SUPPLIED RECORDS =>

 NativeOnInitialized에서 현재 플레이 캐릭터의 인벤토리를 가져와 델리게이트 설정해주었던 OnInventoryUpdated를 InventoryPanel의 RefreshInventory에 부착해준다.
==
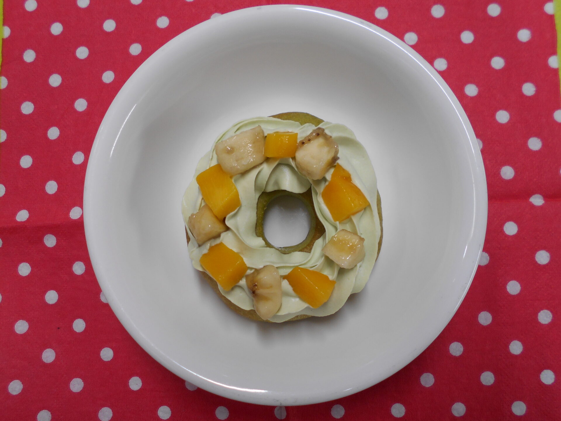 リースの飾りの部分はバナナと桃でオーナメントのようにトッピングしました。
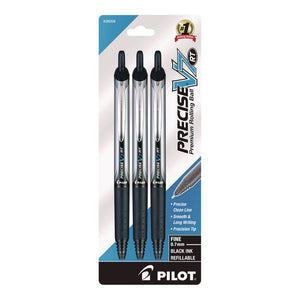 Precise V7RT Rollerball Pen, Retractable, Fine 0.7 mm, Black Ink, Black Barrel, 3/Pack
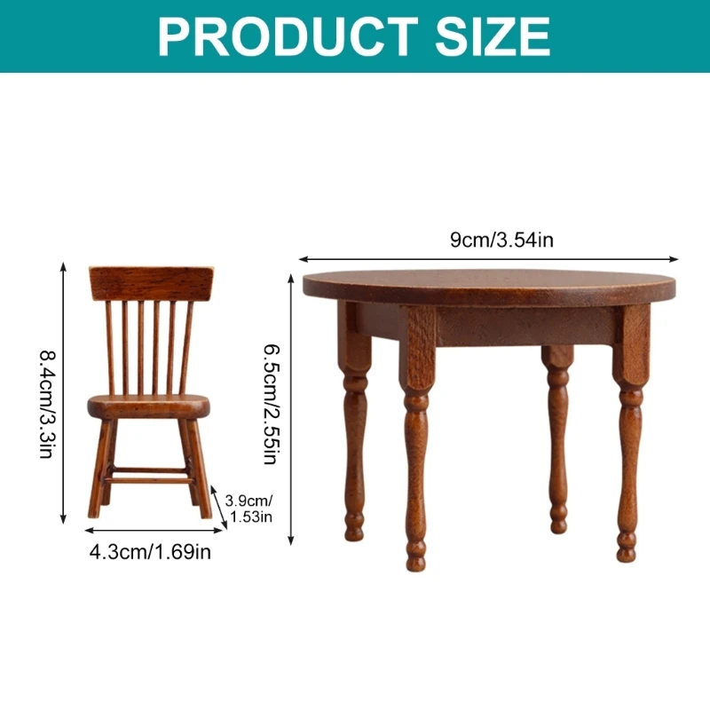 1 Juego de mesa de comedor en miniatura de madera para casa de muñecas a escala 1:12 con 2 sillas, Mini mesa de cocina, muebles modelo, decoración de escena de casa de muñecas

EXERCISE => Although the records above contain pictures, the copy must not; set down exactly the lines from the one with "リースの飾りの部分はバナナと桃でオーナメントのようにトッピングしました。" up to and including the one with "1 Juego de mesa".

RESPONSE TO THIS TASK =>
 リースの飾りの部分はバナナと桃でオーナメントのようにトッピングしました。
 Precise V7RT Rollerball Pen, Retractable, Fine 0.7 mm, Black Ink, Black Barrel, 3/Pack
 1 Juego de mesa de comedor en miniatura de madera para casa de muñecas a escala 1:12 con 2 sillas, Mini mesa de cocina, muebles modelo, decoración de escena de casa de muñecas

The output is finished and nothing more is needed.